In parts of rural Central America struggling with food insecurity and malnutrition, women are taking the lead by delivering on their economic power—right in the breadbasket.

That was the message this week from Church World Service partner Olga Tumax, a rural farmer and trainer of indigenous women in Guatemala, speaking at the October 12 Iowa Hunger Summit, a lead-in to the prestigious World Food Prize symposium held annually in Des Moines.

In a panel on “Global Farmers’ Perspective on Food Security,” Tumax told U.S. and international farmers, agronomists and development leaders how women are playing a key role in a CWS Central America food and nutritional security program that goes far beyond just growing crops.

"In Guatemala, most land is owned by men. But, with this program and trainings in empowering women, we have learned to advocate to have access to land,” she said.

“The land is still in the name of men, but now they give us an area where we can work and produce a variety of vegetables and build greenhouses,” said Tumax, who is responsible for 480 women in the women's organization Ixmuncane, whose members are among the families in CWS’s Guatemala program.

“Now the men see that we can produce for family consumption and sell surplus for a little income,” she said, “and they come to ask us how we are able to do this. This has greatly enhanced the women's self-esteem, that they are now able to provide food for their families as well as generate income."

Another woman leader and agronomist, in Nicaragua, Rosa María Matamoros, works with CWS and partner CIEETS (Inter-Ecclesiastic Center for Theological and Social Studies) as director of community development, agriculture and training for CWS’s Nicaragua food security program.  

Matamoros told hunger summit panel attendees that their program’s advances go beyond increasing crops, saying it’s “an integral approach to sustainability and community development,” incorporating water, sanitation and a focus on nutrition.

“Before, we focused more on food production. Now we see the importance of an approach that includes agriculture, small animal husbandry with Pelibueys (a breed of sheep), rabbits and chickens, integrated with establishing clean, potable water and sanitation to enhance the nutrition of families.” She said the communities now hope to fully address both hunger and malnutrition issues.
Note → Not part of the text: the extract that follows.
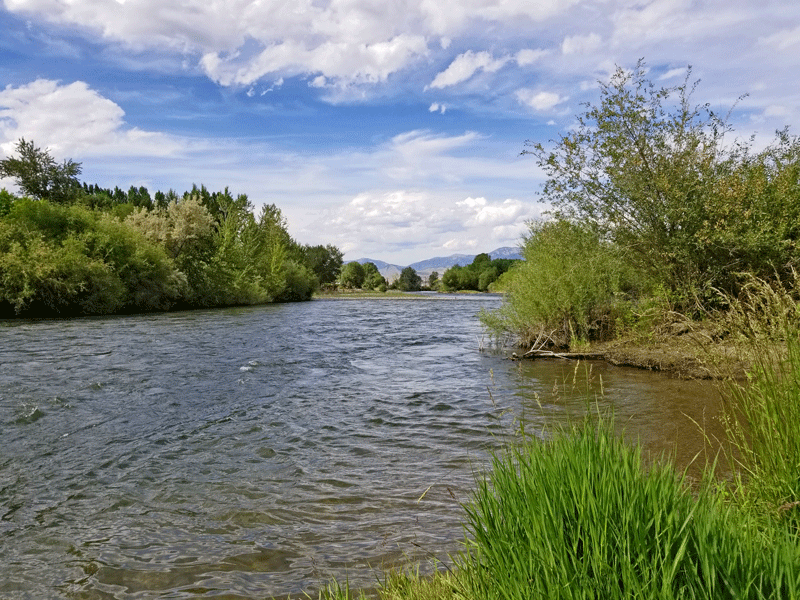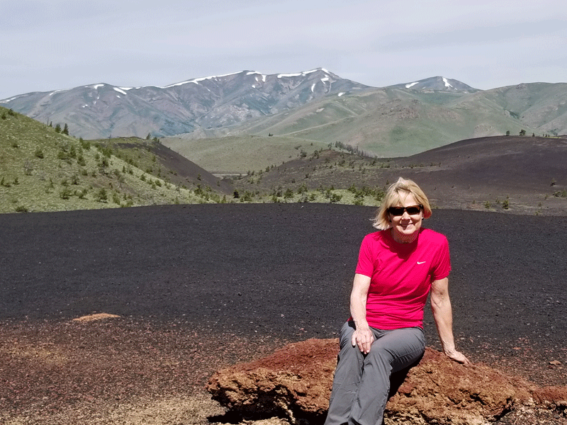 It’s a relatively short drive between Arco and Salmon, so we stop for a 3-mile round trip hike to Lower Cedar Creek Falls outside the small town of Mackay. Good plan, but it doesn’t work out when we can’t locate the trailhead. Instead, we find ourselves crossing a dry and rocky creek bed – not even sure it’s a road. Pretty views, however!
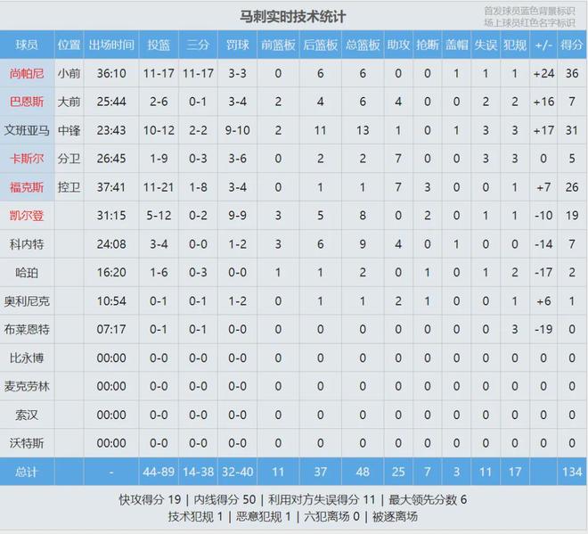 尚帕尼三分17中11,狂砍36分6板!文班亞馬31分13板、??怂?6分7助3斷、凱爾登19分8板。尼克斯4人砍下20+,最后看看數(shù)據(jù),說說心情:

Matamoras credited the CWS program’s approach of building communities of learning among participants. “It has been very valuable to use lessons learned in the activities of one program to start a food security and nutrition program in new communities in another part of Nicaragua.”

Matamoras also stressed the CWS program’s community organizing and training component as key to sustainability. “By making communities stronger in leadership and organization, they are able to apply on their own for projects in their municipalities,” and are “capable of developing their own solutions.”

Tumax and Matamoras are attending this week’s Hunger Summit and World Food Prize Symposium along with other CWS-hosted Central America program partners Hugo Garrido, executive director of CIEDEG (Conference of Evangelical Churches of Guatemala), Suyapa Ucles, Honduras program director for CASM (Mennonite Social Action Commission), and Guilmer Miguel, a farmer in Nueva Frontera, Santa Bárbara, Honduras.

Also at the Iowa Hunger Summit, CWS Iowa Regional Director Rev. Russell Melby echoed the connection between action and advocacy, “whether the action is growing crops or walking in a U.S. CROP Hunger Walk.” Melby cited long-time Cedar Rapids CROP Hunger Walk coordinator Ellen Fisher, who “models CROP Hunger Walk coordination and advocacy together. She recognizes that the two steps complement each other and that walking in a CROP Hunger Walk can lead to taking the next step of advocacy, such as contacting elected officials and writing letters to editors on hunger.”